The gap stood at $18.70 billion during the same period of FY2023–24.
As per the updated figures released by Bangladesh Bank on Tuesday, the country exported goods and services worth $36.57 billion in the July–April window, marking an 8.60 percent rise from $33.67 billion during the same stretch last year.
Imports rose to $54.79 billion over the 10-month period, up by 4.60 percent from $52.37 billion a year earlier.
CURRENT ACCOUNT
The current account deficit, which captures a country’s routine external transactions, has narrowed sharply, reaching $1.39 billion by the end of April, down from $6.02 billion year-on-year.
A surplus helps reduce dependence on foreign loans, while a deficit signals external financing pressure.
FINANCIAL ACCOUNT
Despite the fall in foreign investment, the financial account recorded a $1.96 billion surplus from July–April, compared with $2.25 billion in the same period last year.

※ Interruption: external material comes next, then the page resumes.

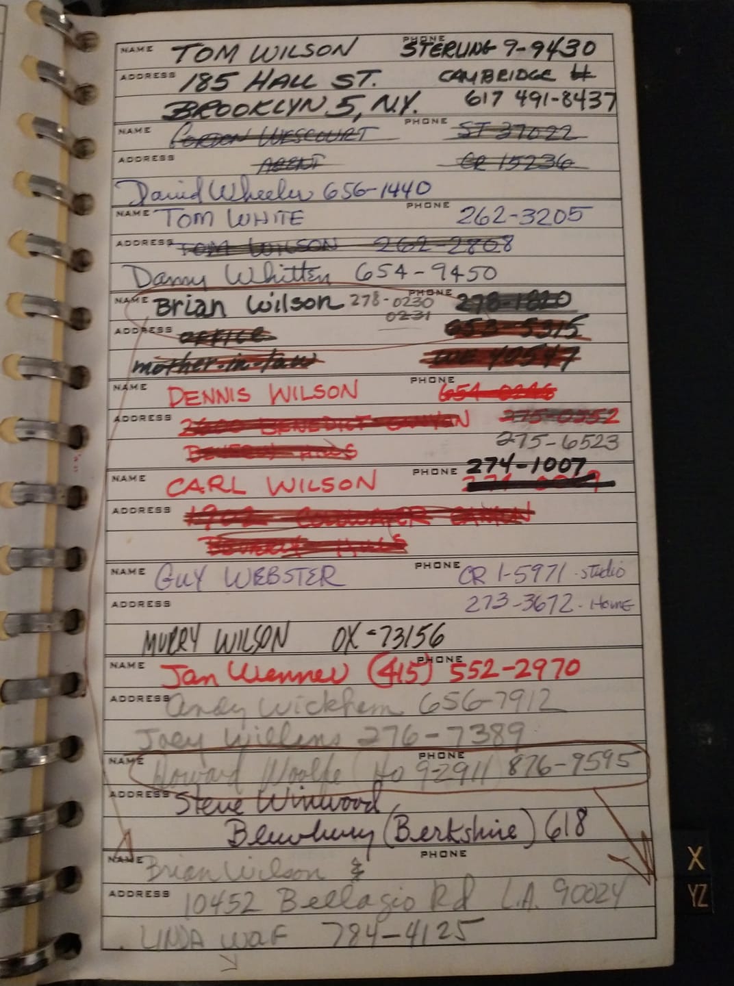 David’s office was beautiful. It was full of art, many of his own paintings were on the walls, and full of warmth. The vibes he created in it and the kindness he exuded was comforting and welcoming. I felt like I was at home. The room was lit from available light as there was a courtyard outside sliding glass doors, and a sweet little patio with a European style, full of plants and trees. David, as I recall with limited memory, was conversational and interested in me and my life; something that I didn’t find all that much in the male dominated music industry, especially among the owners, managers, producers, and record company executives. I was excited to be with David, completely forgetting about the recording session going on. It was exhilarating to have him interested in me as a person, and so for years after this meeting I would go visit David wherever he was working and we would just sit and talk. If I showed up at A&M Records, after he moved over to A&M as a record producer, his secretary knew me and I could seriously just walk into his office and he’d welcome me in to sit and talk. Even after my ex-husband and I moved to the Pacific Northwest when I was forty years old, I’d write David and email to say I was coming down to LA and we would set a date to meet. In fact, flash to recently, I received a photo from his son, Jonathan Anderle, of his father’s phone book, with my name and my parent’s phone number. Check out the stellar characters I am with on this page. What an honor!

The account tracks flows from remittances, foreign loans and grants, direct investments, and portfolio investments.
FOREIGN INVESTMENT
Foreign direct investment (FDI) dropped by 28.79 percent year-on-year.
The country received $910 million in the first 10 months of FY25, down from $1.27 billion in the same period last year.

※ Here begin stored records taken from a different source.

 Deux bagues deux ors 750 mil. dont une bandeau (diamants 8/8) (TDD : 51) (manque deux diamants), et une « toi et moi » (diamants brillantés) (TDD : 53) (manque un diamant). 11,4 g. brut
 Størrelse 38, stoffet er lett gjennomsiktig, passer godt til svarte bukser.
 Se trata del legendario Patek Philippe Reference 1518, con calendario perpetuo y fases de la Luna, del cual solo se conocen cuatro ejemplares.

BANKERS, ECONOMISTS WEIGH IN
Mutual Trust Bank Managing Director Syed Mahbubur Rahman told bdnews24.com, “Export and remittance flows are picking up positively. That’s helping to improve the overall balance of payments.
“Much of the remittance boost came around the two Eid festivals,” he added. “What matters now is whether the flow holds steady through June.”
In a press conference held in May, Bangladesh Bank chief Ahsan H Mansur also pointed to rising export earnings and remittances as key drivers behind the improving balance of payments.
He noted that the exchange rate has remained stable in recent weeks, supporting a stronger remittance inflow.
If the trend continues, Mansur said, the remaining gap in the balance of payments is likely to shrink over time.